Installation

MariaDB on Debian: key too long

Re: MariaDB on Debian: key too long

by Nathan Wallach -
Number of replies: 0
I'm guessing that the issue was triggered by the default use of the 4-byte utf8mb4 charset for MariaDB 10.1 in Debian 9.

The reason this causes problems is explained below.

Your solution of "downgrading" to "mySQL utf8" should be fine unless you try to put into your database table utf8 characters not allowed by "mySQL utf8" (a somewhat restricted subset of real UTF8).

Would you mind looking at the utf8 related settings in the configuration files in /etc/mysql/mariadb.conf.d/ on the machine (probably 50-server.cnf and 50-client.cnf). From what I can tell, Debian's MariaDB 10.1 is defaulting to using "utf8mb4" (see https://salsa.debian.org/mariadb-team/mariadb-10.1/commit/e6ade2be57856736e8bc8039d71b35f9ffcde48e for the commit where Debian seems to have made this change.)

If that is the issue, then we probably need to adjust the installation instructions for Debian 9 (and probably also for Ubuntu 18) to tell people how to bypass the problem for now.

The rest of the post explains the cause of the problem and why WW will need to determine how to better deal with the problem in the future.

Nathan

To the best of my recollection none of the standard WW branches are yet trying to use the "utf8mb4" charset. However, the discussions about the future internationalized versions are looking into moving to this charset (see PR 800 in the references below), and most mySQL/MariaDB experts recommend using utfumb4 and not utf8.

The reasons to use "utf8mb4" and not "plain utf8" is explained at https://mathiasbynens.be/notes/mysql-utf8mb4 and in various other web pages. PR 594 also had some discussion of the differences.

In short SQL's "plain utf8" is a subset with various limitations and issues, and only supports the characters from the "real utf8" which require 1-3 bytes to encode. That means that the character to byte conversion factor is only 3, which allows longer keys than a "real UTF8" does.

"utf8mb4" (a full UTF8 for SQL) supports all of Unicode, but as it includes the 4 byte encoded characters, requires a character to byte conversion factor of 4, and this reduced what 1000 bytes will allow from about 333 to about 250. Some versions of InnoDB tables allowed only 767 bytes, while MyIASM allowed 1000 bytes. The 767 byte limit seems to require cutting back to 191 characters with the older settings and utf8mb4. Newer DB versions/table types can apparently allow longer keys, as explained in some of the links below.
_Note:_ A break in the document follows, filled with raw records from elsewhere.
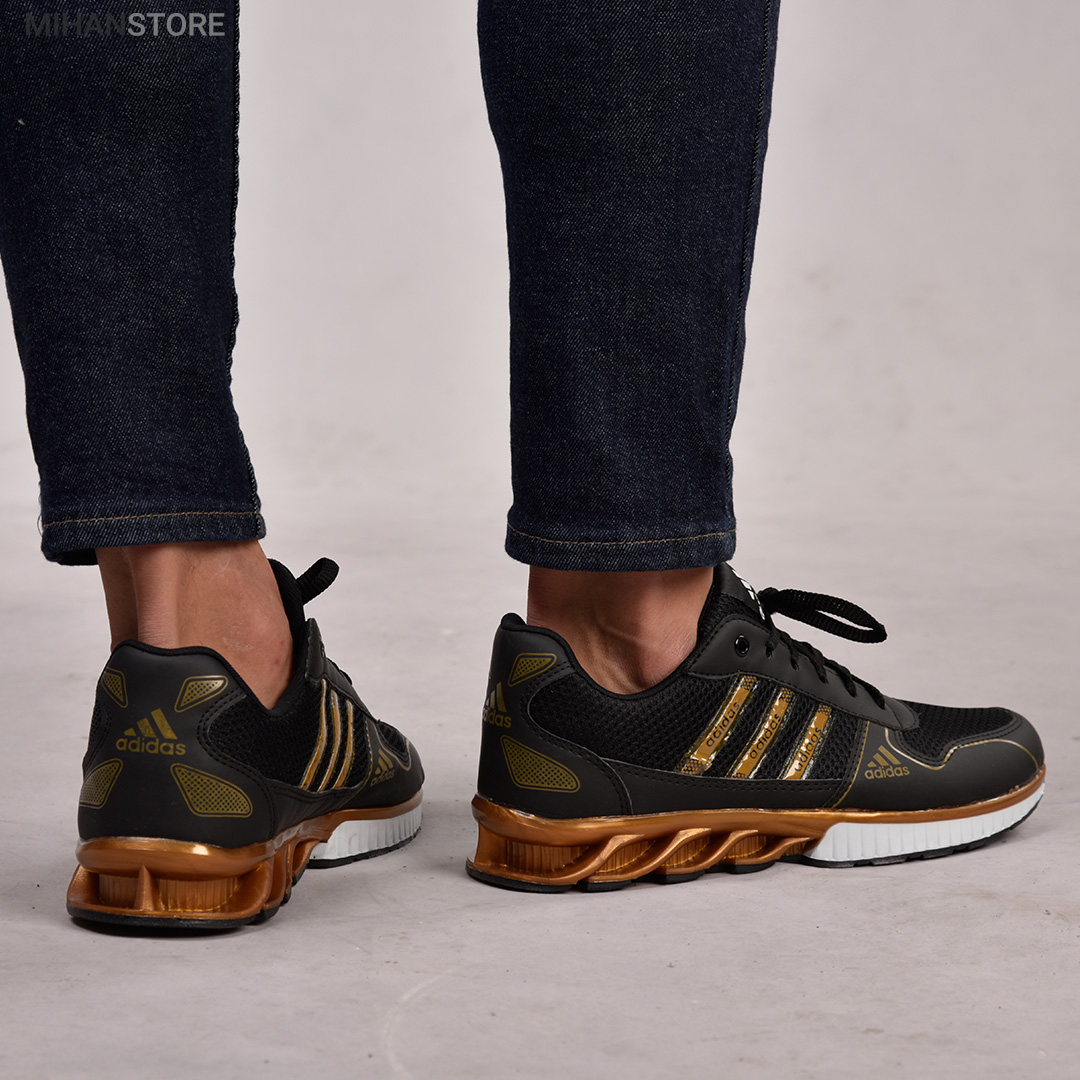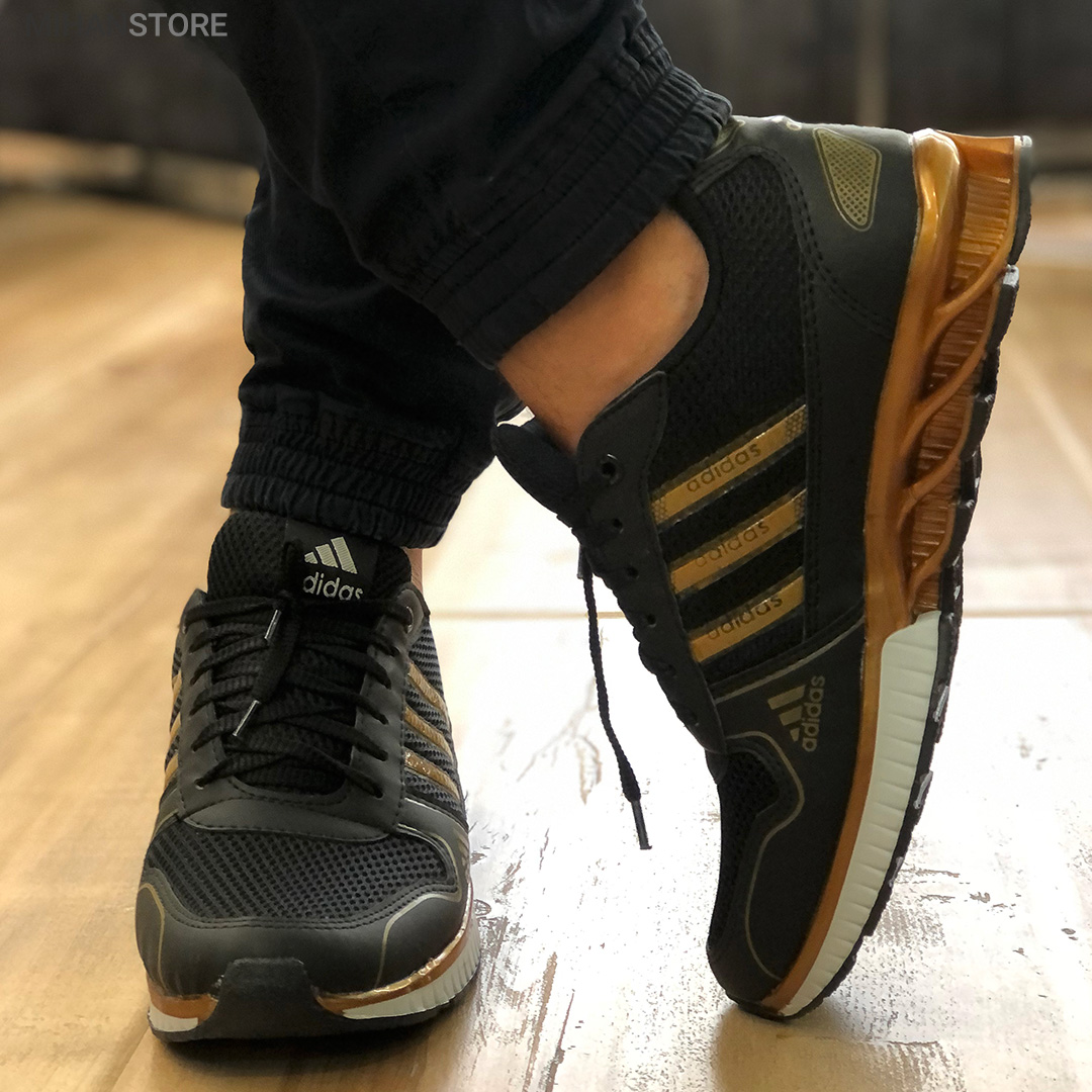 کفش مردانه Adidas مدل GOLD یکی از پرفروش ترین و محبوب ترین کفش های اسپرت از برند معتبر Adidas بوده که جنس رویه آن ترکیبی و بسیار سبک می باشد. این مدل از کفش به خاطر وزن سبک، انعطاف پذیری بالا و راحت و آزاد بودن پا در کفش و هچنین ضربه‌گیر بودن برای پیاده روی، ورزش و دویدن بسیار مناسب و استاندارد است. شما با استفاده از کفش مردانه آدیداس می توانید به راحتی بر روی تردمیل، سنگفرش، موزاییک و… پیاده روی کنید.  رنگ بسیار زیبای مشکی با سه خط معروف روی کفش  شیکی و جذابیت را در انتخاب استایل شما میدهد وبه راحتی می توانید آن را با انواع پوشش های خود اعم از رسمی، اسپرت و… ست نمایید. کفش مردانه آدیداس در سایز های 41 الی 44 به صورت ها کپی از مدل اصلی آدیداس عرضه شده است که در هنگام ثبت سفارش می توانید سایز کفش مورد نظر خود را انتخاب کرده و سفارش دهید.
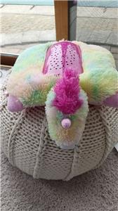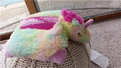 You are looking at a My Pillow Pets Dream Lites Unicorn Light Up Pillow that is in EUC. This is a rainbow sherbert colored unicorn. She lights up with 3 AAA batteries (not included). Just tested and looks great. She's clean and has been in the closet. I am not sure why my son got this (I think he just wanted it despite being a unicorn). From 2011. She is 11 inches by 13 inches. Super cute!
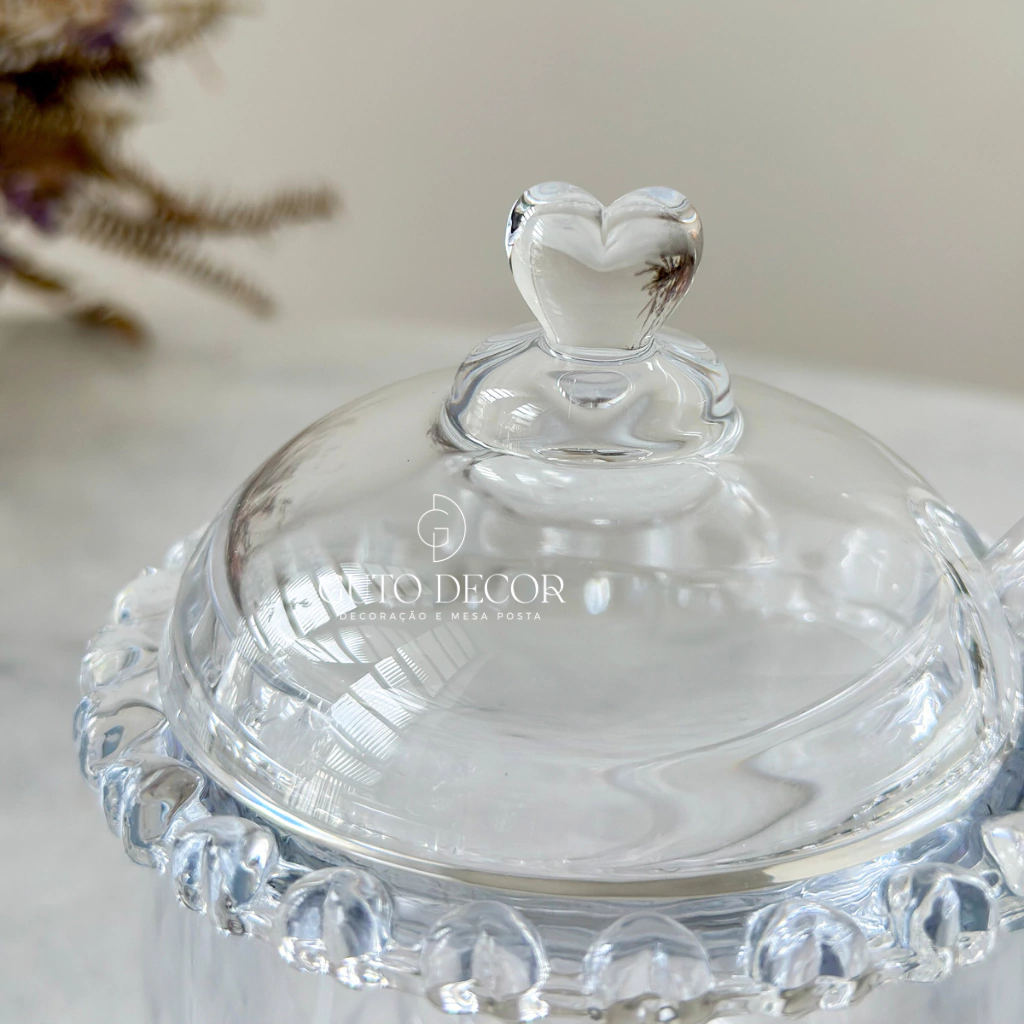 A Meleira Coração em Cristal com Pegador é a adição perfeita para sua mesa, trazendo um toque de charme e elegância.
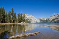 Dode boomstam in het bergmeer Tenaya in Yosemite National Park in de Verenigde Staten van Amerika
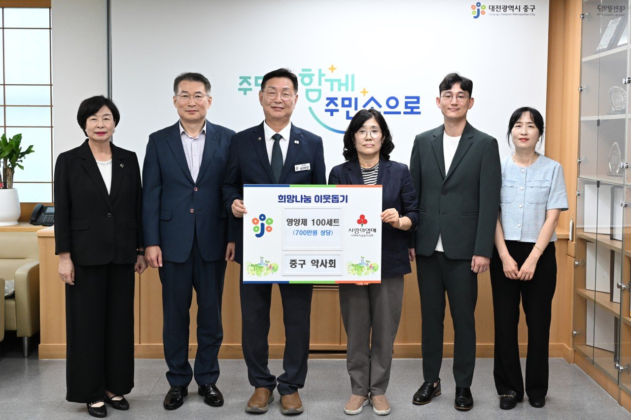 [금요저널] 대전 중구(구청장 김제선)는 지난 2일 중구 약사회 (회장 구선회)에서 저소득 청소년을 위한 영양제 100개를 기탁했다고 밝혔다.
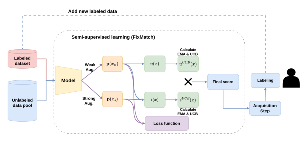 아래 글미이 저자가 제안하는 ASSL의 최종 파이프라인입니다. 결국 FixMatch와 Active Learning 을 결합할 때, EMA를 사용하여 모델의 업데이트를 조금 느리게 하고자 하였고, 다음으로 Loss Function까지 재설계를 하였다고 결론을 내릴 수 있을 것 같습니다. 그리고 Active LEarnign의 베이스로는 ALFAMix를 사용한 듯 싶습니다.
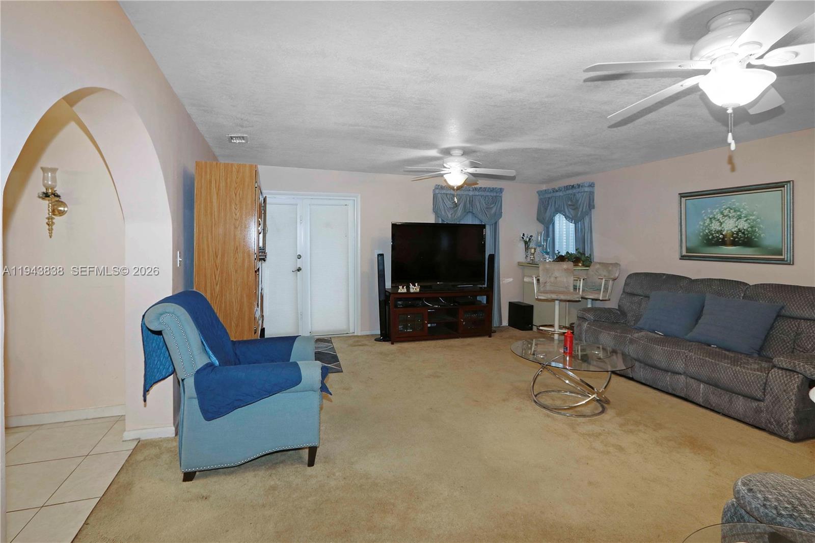 Spacious 4-bedroom home featuring a desirable split floor plan that offers privacy and functionality. The updated galley kitchen provides efficient layout and modern touches, while hurricane shutters add peace of mind. A 10 year old roof enhances long term value. Enjoy indoor-outdoor living with a large screened-in patio overlooking the yard. The circular driveway provides ample parking and curb appeal, complemented by a 1 car garage and a separate laundry room for added convenience. A well-rounded property, ideal for comfortable living and entertaining.
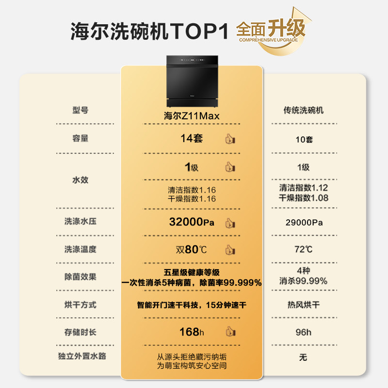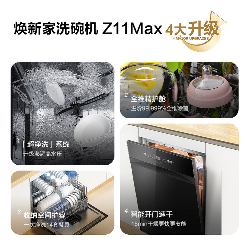海尔Z11Max灶下洗碗机嵌入式全自动家用小型消毒柜烘干一体机14套
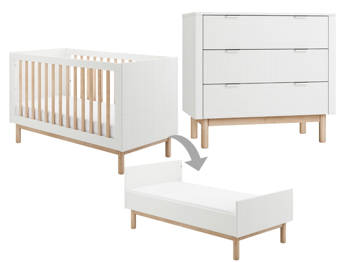 Deze Pinio Miloo 2-delige meegroeikamer in de kleur wit bestaat uit een 70×140 doorbouwbedje en een commode met 3 laden.
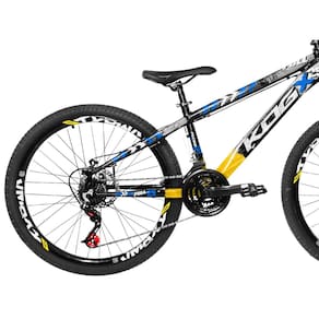 ATENÇÃO SUSPENSÃO ENVIADA É ARO 29 COM CURSO DE 80MM A Dias Bike apresenta ao mercado juntamente com sua marca KOG, seu mais novo lançamento aos amantes de ciclismo e de freeride, a Bicicleta Aro 26 Infantil KOG Full X25 Freio a Disco 21v. Contando com 10 variações de cores para todos os tipos de gosto, quadro confeccionado totalmente em alumínio 6061 para maior leveza e resistência contra o tempo e uso, levando um sistema de transmissão de 21 velocidades. A Bicicleta Aro 26 Infantil KOG Full X25 Freio a Disco 21v é a escolha perfeita para você que gosta de estilo, robustez e performance, tudo isso em uma só bicicleta. Essa jóia do ciclismo você só encontra aqui conosco, da Dias Bike, não fique de fora e venha fazer parte desta história. COMPONENTES DA BIKE - Quadro aro 26 Alumínio KOG Full X25 em Alumínio - Suspensão aro 29 com 80mm de curso - Aros Parede Dupla em Alumínio VMAXX LT - Raios Zincados Pretos - Pneus Aro 26 Com Arame - Camara de ar 26 Bico Grosso - Jogo Direção Ahead Set - Suporte Do guidão 75 a 90mm - Guidão 680 a 700 mm - Canote do Selim em Alumínio - Pedal em Plataforma Comum - Arruela Calço para Ahead Set (3 unidades) - Manopla - Abraçadeira do Selim com Blocagem - Selim - Disco de Freio De 160mm 6 Parafusos - Freio a Disco Mecânico com Pastilha RELAÇÃO (TRANSMISSÃO DA BIKE) - Roda Livre 7 Velocidades - Pedivela Roda tripla em Aço Encapado 3V - Trocador Rapid Fire - Cambio Dianteiro 3V Top Pull - Cambio Traseiro 7V - Cubos Sistema Rosca esferado - Corrente 7 Velocidades - Jogo de Centro Blindado Marca: KOG Bikes
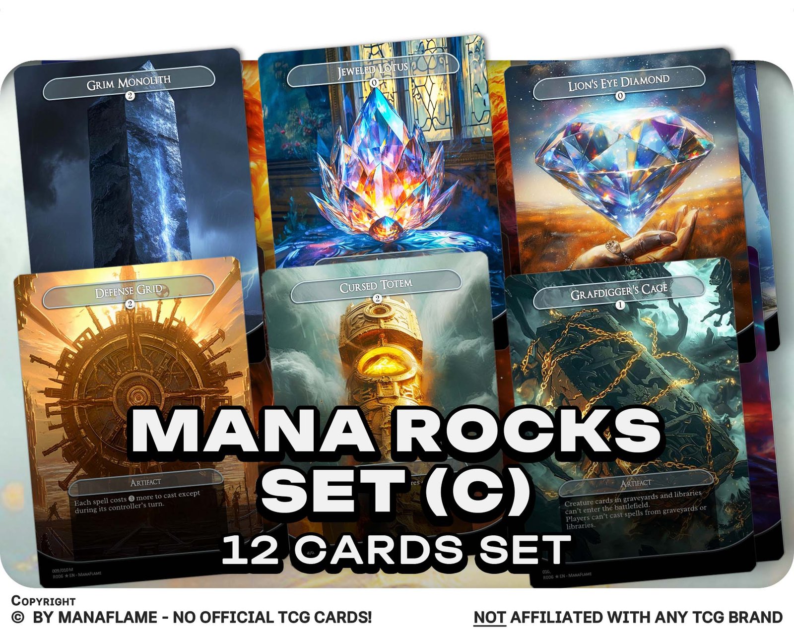 This 12-card set highlights some of the most powerful and iconic artifacts in Magic history, blending fast mana, combo pieces, and disruptive tools into one polished lineup. Perfect for cEDH players, artifact enthusiasts, or anyone who loves high-impact utility.

The additional byte reserved per character when using "utf8mb4" as the SQL charset means that some WW table keys end up being over the length limit (1000 bypes), while they are OK for the more restricted "utf8" charset.

At present, I'm very skeptical that you will run into trouble, as common letters is most alphabets need only 3 bytes in UTF8. Special characters, emoji, and other "strange' things do require the extra byte, so may trigger problems if somehow your WW system tries to pass them into the database.

The problem in changing to utf8mb4 is that various tables include keys which require over 1000 bytes (or 767 bytes) when utf8mb4 is used. This will be one of the challenges in getting full UTF8 support in WW, and due to that - I am somewhat aware of the issue and those of us involved in the internationalization efforts will need to consider how to deal with this issue in the near future.

There are some discussions of using INNODB tables and "innodb_large_prefix = on" with a COMPRESSED or DYNAMIC row formats and related settings to help avoid bypass issues.

Some references:
I mainly paid attention to this issue several months ago when looking at the OPL tables, in which several varchar(255) fields are included in database keys. Since you had the problem when creating the admin course, there seem to be standard course tables with the same sort of issues.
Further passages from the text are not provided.